Running your own datacenter can be cheaper and more reliable than using public cloud infrastructure, but it means you have to be a network and server administrator. What about hosting providers, which rent dedicated or virtualized hardware to users and often take care of the network and hardware setup for you?

Freistil IT hosts their servers with a colocation/managed-hosting provider. Their monitoring system alerted Freistil to 50%–100% packet loss localized to a specific datacenter.¹⁵ The network failure, caused by a router firmware bug, returned the next day. Elevated packet loss caused the GlusterFS distributed filesystem to enter split-brain undetected:

… we became aware of [problems] in the afternoon when a customer called our support hotline because their website failed to deliver certain image files. We found that this was caused by a split-brain situation … and the self-heal algorithm built into the Gluster filesystem was not able to resolve this inconsistency between the two data sets.

Repairing that inconsistency led to a “brief overload of the web nodes because of a short surge in network traffic.”

Anecdotally, many major managed hosting providers experience network failures. One company running 100– 200 nodes on a major hosting provider reported that in a 90-day period the provider’s network went through five distinct periods of partitions. Some partitions disabled connectivity between the provider’s cloud network and the public Internet, and others separated the cloud network from the provider’s internal managed-hosting network.

A post to Linux-HA details a long-running partition between a Heartbeat pair (http://bit.ly/1k9Ym6V), in which two Linode VMs each declared the other dead and claimed a shared IP for themselves. Successive posts suggest further network problems: email messages failed to dispatch due to DNS resolution failure, and nodes reported the network unreachable. In this case, the impact appears to have been minimal, in part because the partitioned application was just a proxy.

Wide Area Networks

While we have largely focused on failures over local area networks (or near-local networks), wide area network (WAN) failures are also common, if less frequently documented. These failures are particularly interesting because there are often fewer redundant WAN routes and because systems guaranteeing high availability (and disaster recovery) often require distribution across multiple datacenters. Accordingly, graceful degradation under partitions or increased latency is especially important for geographically widespread services.

Researchers at the UCSD analyzed five years of operation in the CENIC wide-area network,¹⁸ which contains over 200 routers across California. By cross-correlating link failures and additional external BGP and traceroute data, they discovered over 508 “isolating network partitions” that caused connectivity problems between hosts. Average partition duration ranged from six minutes for software-related failures to over 8.2 hours for hardware-related failures (median 2.7 and 32 minutes; 95th percentile of 19.9 minutes and 3.7 days, respectively).

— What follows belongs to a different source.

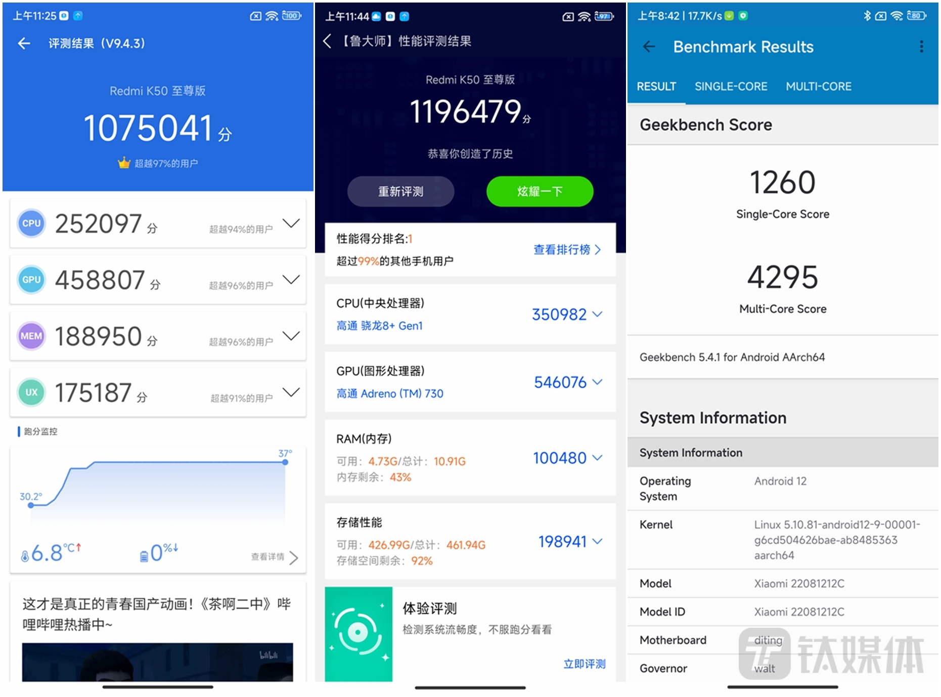 跑分方面的成绩,也印证了这一观点,安兔兔整机得分1075041鲁大师整机得分1196479GeekBench单核心1260多核心4295,这都与此前钛媒体App测试过的旗舰机型相当,同时相较于上半年的旗舰机型有所提升。

PagerDuty designed their system to remain available in the face of node, datacenter, or even provider failure; their services are replicated between two EC2 regions and a datacenter hosted by Linode. On April 13, 2013, an AWS peering point in northern California degraded, causing connectivity issues for one of PagerDuty’s EC2 nodes. As latencies between AWS availability zones rose, the notification dispatch system lost quorum and stopped dispatching messages entirely.

Even though PagerDuty’s infrastructure was designed with partition tolerance in mind, correlated failures due to a shared peering point between two datacenters caused 18 minutes of unavailability, dropping inbound API requests and delaying queued pages until quorum was re-established.

Global Routing Failures

Despite the high level of redundancy in Internet systems, some network failures take place on a global scale.

CloudFlare runs 23 datacenters with redundant network paths and anycast failover. In response to a DDoS attack against one of their customers, the CloudFlare operations team deployed a new firewall rule to drop packets of a specific size.¹⁷ Juniper’s FlowSpec protocol propagated that rule to all CloudFlare edge routers, but then:

What should have happened is that no packet should have matched that rule because no packet was actually that large. What happened instead is that the routers encountered the rule and then proceeded to consume all their RAM until they crashed.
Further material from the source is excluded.